WORK REQUIRED:
Please print, exactly as written, the line containing "Stupell Santorini City" and each line after it through the end of the material; pictures stay out.

RECORDED DATA:
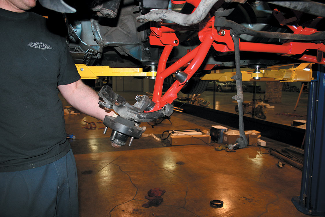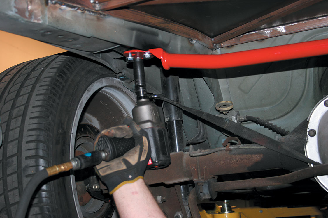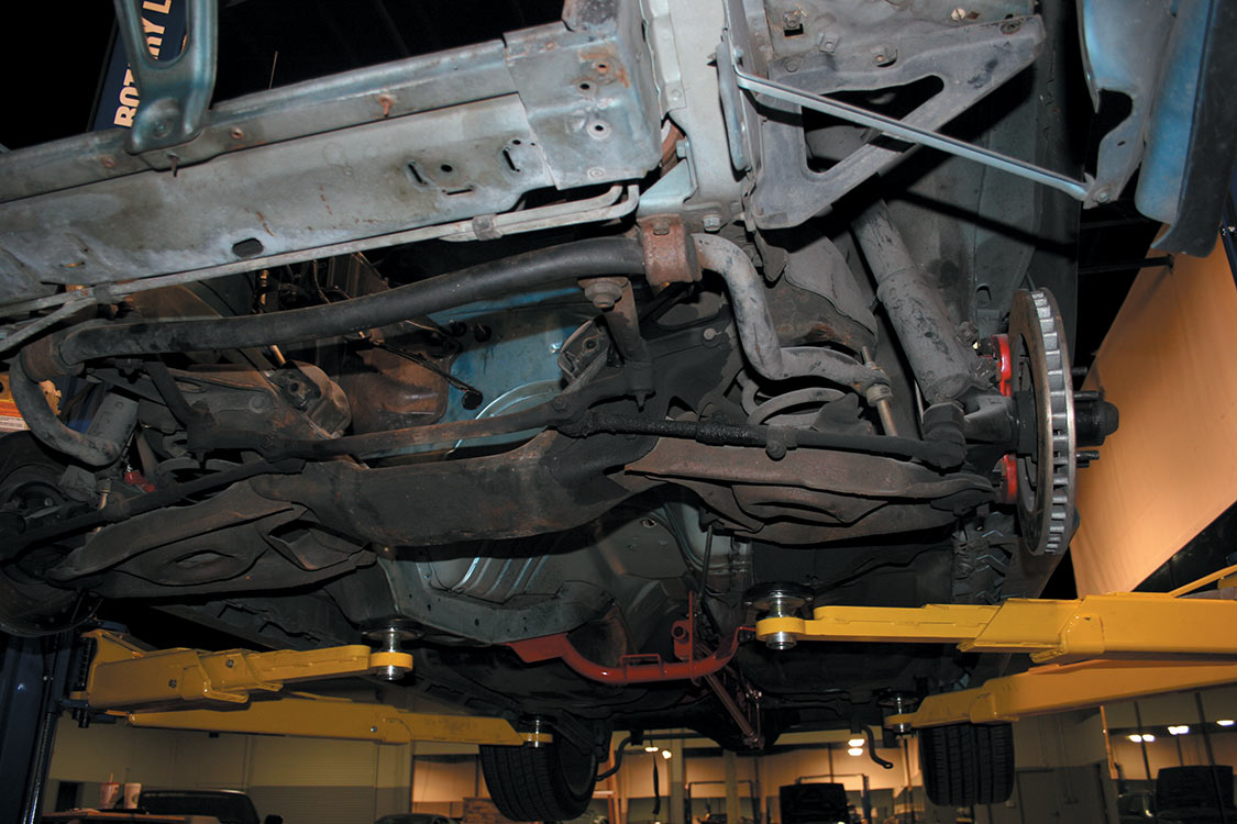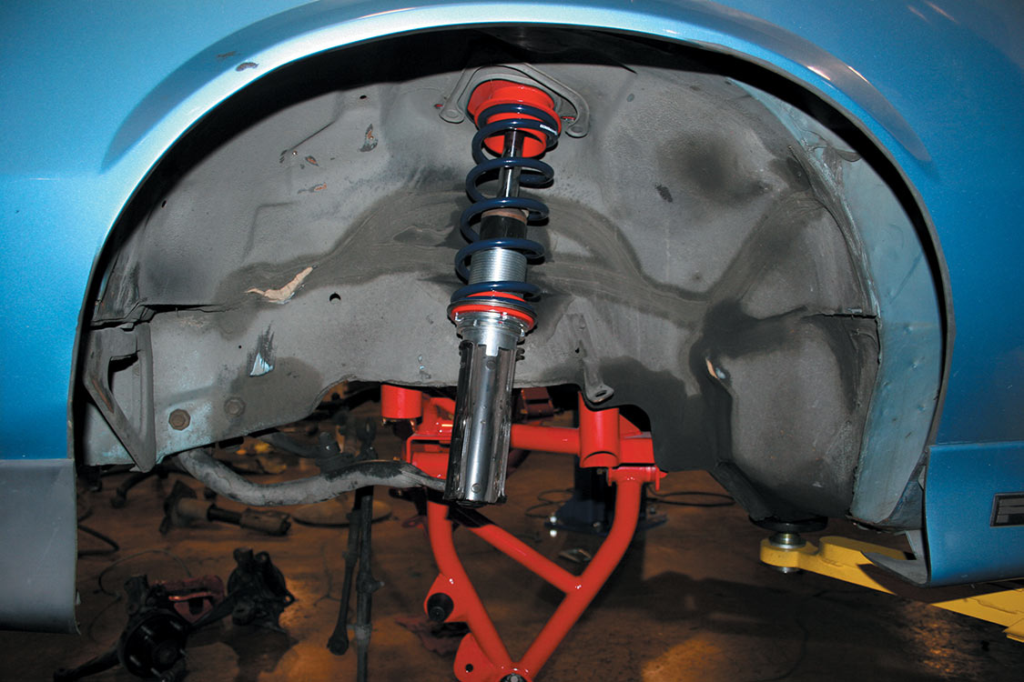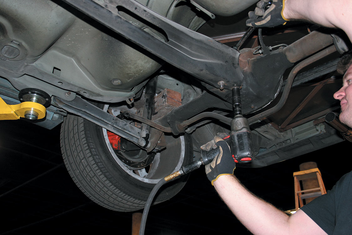 01.To transform the third gen Chevy Camaro’s suspension, BMR threw the book at it. Amongst the parts are a front K-member, control arms, coil-over conversion and larger sway bar with end links. The rear consists of a transmission cross member, adjustable torque arm, panhard bar, larger sway bar and adjustable trailing arms (not shown).02.As you can see, anything is an improvement for this wretched Camaro. BMR knows how to make it all better.03. All of the suspension is torn down minus the steering components. If your car looks as worn out as this, it’s surely time to upgrade your steering parts to complement the new suspension.04.Lucky for BMR, its Camaro does not have an engine or transmission to deal with, so it went ahead and removed the bolts to allow the factory K-member to drop free from the car. If your car is still operational, support the engine with a hoist and all will be well.05.Check out the difference in bulk between the stock pieces and the new BMR replacements. The BMR K-member drops 30.5 pounds from the Camaro, while the tubular control arms lose an additional 10 pounds a piece. That’s 50 pounds less weight on the nose of the car!06.The BMR K-member bolts right into all the factory holes and makes things much more accessible for future wrench time when the LSx engine gets planted under the hood.07. Hopefully you sharp-eyed readers caught the lack of coil spring pockets on the new control arms.08.BMR’s coil-over conversion slips right onto the stock (or many aftermarket) struts and does a much better job of allowing fine-tuning of the front suspension for superior handling characteristics.09.Much of what was taken off can now go back on, including the spindle assemblies.10. With everything all buttoned up, it’s easy to see how these stronger and lighter parts are going to help boost the Chevy’s turning prowess.11.Last but not least, the cold-formed, solid, 32mm sway bar is cinched in position. This bar is 40% more resistant to body roll than the popular 1LE bar.12. All that’s left is to slip in the sway bar end links and get to work on the rear suspension.13.The rear suspension parts require a slightly different approach. This time BMR left everything in the car and swapped each piece out one at a time.14. First on the list is the torque arm. It bolts to the axle using all factory mounting points and is fully adjustable to allow changes to the pinion angle as necessary to set up the car for desired performance.15.The BMR torque arm relocation cross member takes the mount off the transmission, eliminating the chance of breakage, and firming up the mounting point. Additionally, the cross member offers multiple mounting points for “instant center” height adjustments.16.Much of the Camaro’s rear suspension is comprised of stamped steel parts with rubber bushings that are easy to manufacture and allow plenty of deflection to make driving more comfortable at the expense of performance. All are getting dropped into the scrap pile.17.This kit replaces the upper panhard rod support and relocates the panhard rod, allowing enough room for dual 3-inch exhaust routing over the axle. New heavy-duty brackets bolt to existing mounting holes and lower the panhard rod while maintaining the correct geometry.18. BMR 1.25-inch drop springs are the ultimate solution for lowering your third generation F-body. The 160 lbs-in, dual-rate springs are engineered to provide optimal handling without sacrificing the ride quality.19. The panhard rod is responsible for centering the rear axle side to side in the chassis. BMR’s adjustable panhard rod is made from large-diameter 1.25-inch tubing and allows easy on-car adjustment.20.For the best of both worlds, these adjustable lower control arms have a quiet, poly-bushed end for the car and heavy-duty QA1 XR series rod ends on the axle side. With these, you’ll be able to eliminate wheel hop and improve traction.21. As you can see, these trailing arms can be adjusted on the car to perfectly square up the rear axle and wheelbase.22.Increasing cornering and decreasing body roll is this hollow, a 25mm sway bar that perfectly complements the front.23. What a difference a day makes. If this car actually ran, we’d be heading for the nearest set of super tight twisties!
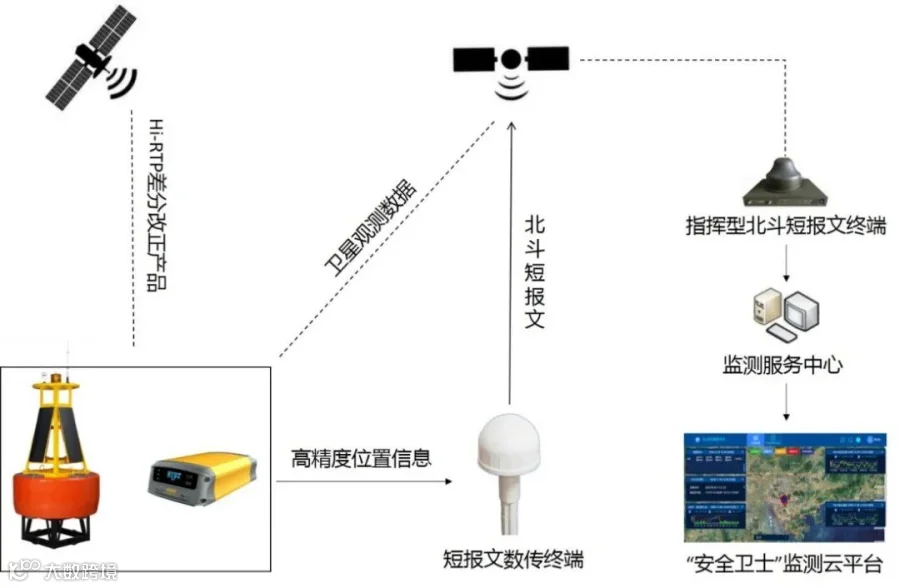 通过GNSS接收机接收卫星导航系统信号及中海达Hi-RTP精密产品(轨道、钟差等)进行高精度解算及数据处理,实现动态厘米级定位,并通过北斗短报文数传终端将监测信息回传至监测服务中心进行展示,为预防自然灾害、科学研究以及海洋设备监管调度等提供相对应的决策依据。
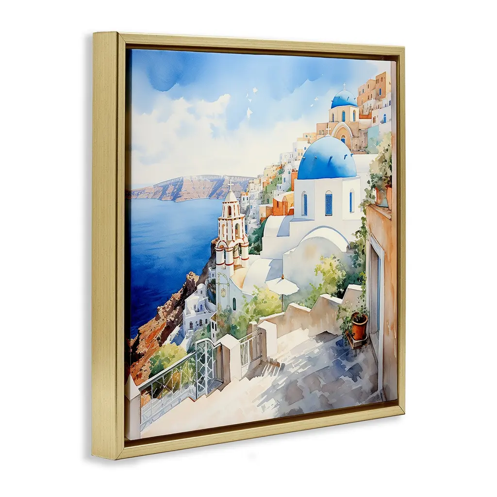 Stupell Santorini City Landscape Framed Floater Canvas Wall Art Design By Lsr Design Studio - 18 X 18 - Gold
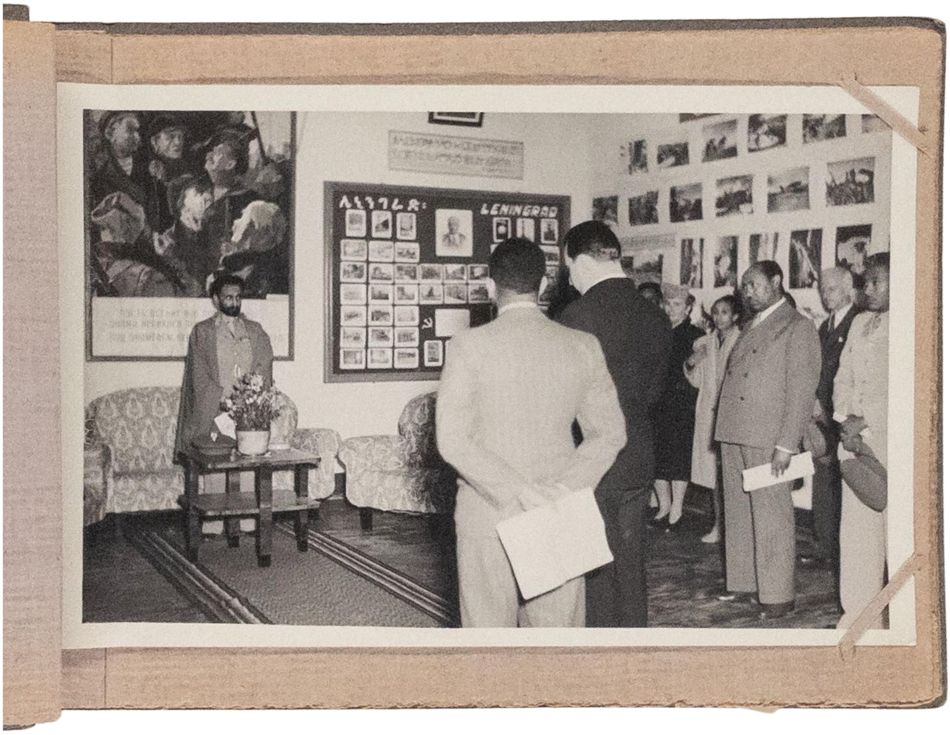 Among the most notable images are those depicting Haile Selassie I (1892–1975), Emperor of Ethiopia from 1930 to 1974, who is also venerated as a divine figure in Rastafarianism, a religion that emerged in the 1930s. Since the collection also includes photographs of the building that housed the permanent Soviet exhibition in Addis Ababa, it is possible that the Emperor was photographed inside the cultural center during its opening. Official sources note that the exhibition opened on 19 March 1945 and was intended to promote Soviet culture, although several of these photographs are dated 1944 on the reverse.

OUTPUT FOR THIS TASK:
 Stupell Santorini City Landscape Framed Floater Canvas Wall Art Design By Lsr Design Studio - 18 X 18 - Gold
 Among the most notable images are those depicting Haile Selassie I (1892–1975), Emperor of Ethiopia from 1930 to 1974, who is also venerated as a divine figure in Rastafarianism, a religion that emerged in the 1930s. Since the collection also includes photographs of the building that housed the permanent Soviet exhibition in Addis Ababa, it is possible that the Emperor was photographed inside the cultural center during its opening. Official sources note that the exhibition opened on 19 March 1945 and was intended to promote Soviet culture, although several of these photographs are dated 1944 on the reverse.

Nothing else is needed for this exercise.